Eggleston was polarizing—at the beginning of the 1970s, the use of color in artistic photography was still considered vulgar (see interview with Walker Evans, Image Magazine, Vol. 17, No. 4, 1974). But it wasn’t just the use of color that provoked criticism; Eggleston’s unsettling staging of the everyday added to the controversy. His unusual image compositions were misunderstood as mere snapshots of entirely unworthy subjects—“perfectly banal,” as journalist Hilton Kramer put it. Rather than orienting himself toward a frontal and linear composition style (like Walker Evans), Eggleston, like many of his New York contemporaries (Diane Arbus, Garry Winogrand, Lee Friedlander, among others), was more interested in asymmetrical image structures.
Eggleston does not assign a hierarchy to color; he dissociates it. The unease evoked by his images stems from the dissolution of traditional image order and contains something anarchic: “I am at war with the obvious” (William Eggleston in an interview with Mark Holborn, afterword to The Democratic Forest). His psychological treatment of color became a guiding influence for numerous artists, especially David Lynch and Juergen Teller.

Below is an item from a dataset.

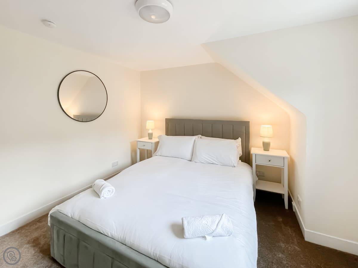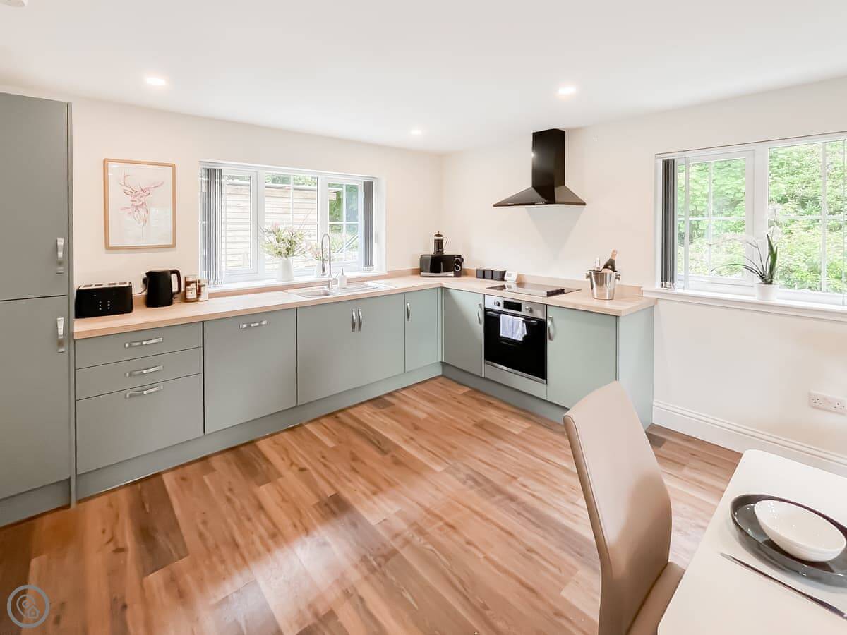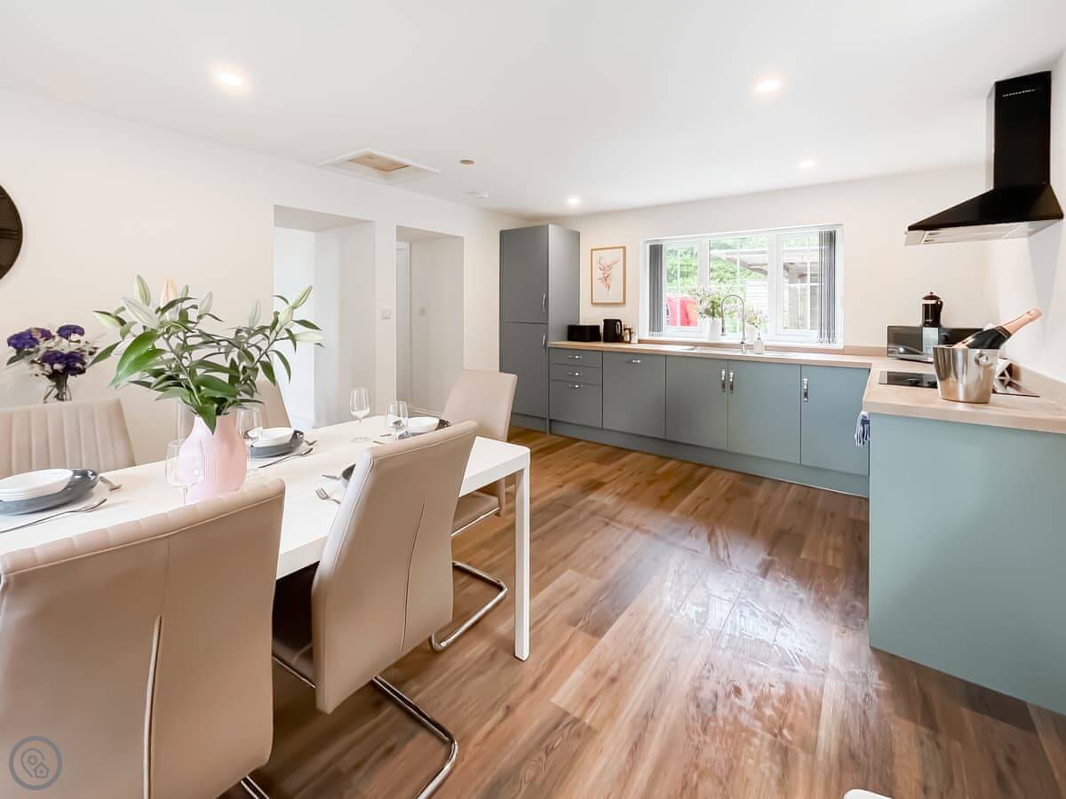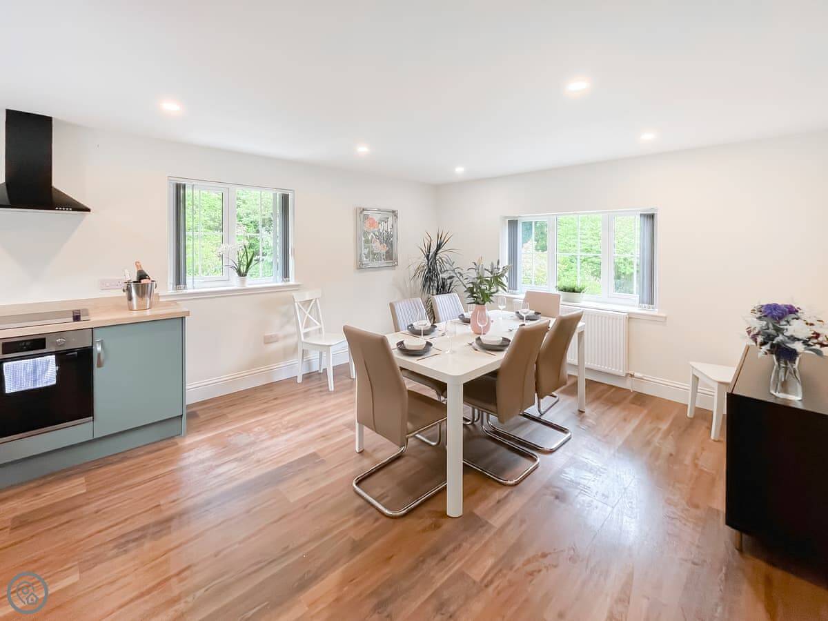 It sleeps ten. There are four bedrooms and three bathrooms. It's a 5 Star place, so everything is in good order. The downstairs feels spacious. There's a fireplace in the sitting room and the kitchen area is big enough for everyone to eat together.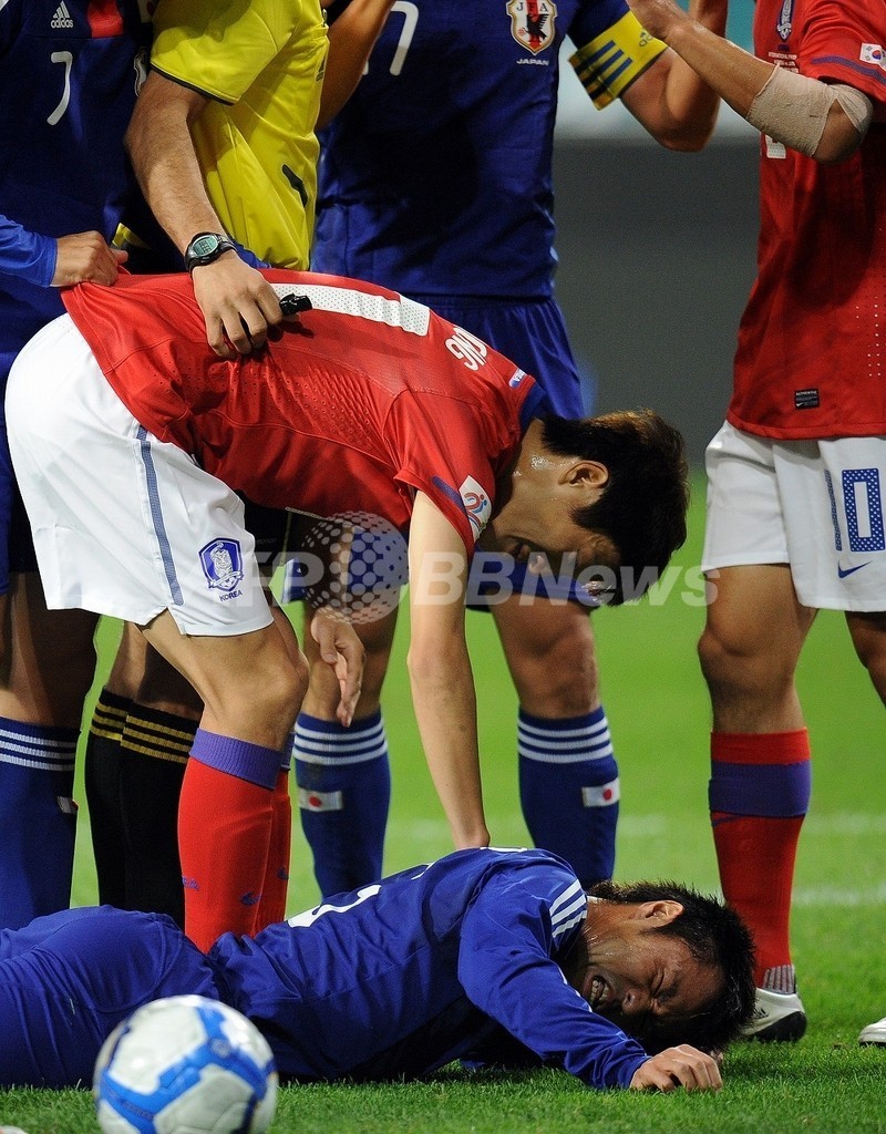 スポーツ サッカー 日本人選手 日本 敵地で韓国とドロー 2010年10月13日 7:49 発信地:ソウル/韓国 [ 韓国・北朝鮮 韓国 ] このニュースをシェア ‹ › ❮ 2/5 ❯ サッカー国際親善試合、韓国対日本。韓国の李青龍(Lee Chung-Yong、イ・チョンヨン)と衝突し、ピッチに倒れる日本の駒野友一(Yuichi Komano、下)。(2010年10月12日撮影)(c)AFP/JUNG YEON-JE 画像作成中 ! 【10月13日 AFP】サッカー日本代表は12日、敵地のソウルで韓国代表と国際親善試合を行い、0-0で引き分けた。(c)AFP サッカー 一覧へ> メディア・報道関係・法人の方向け 写真・動画 購入のお問合せ>

Hengesbach Gallery is showing his series Troubled Waters, created in the early 1970s, which exemplifies Eggleston’s engagement with the American South. The title of the series itself references the cultural roots of the Mississippi—song lyrics by blues legend Muddy Waters, such as “I be’s trouble” or “Trouble no more,” programmatically express the melancholia of the Southern States. The works in the Troubled Waters series symbolize an intangible yet persistent American trauma.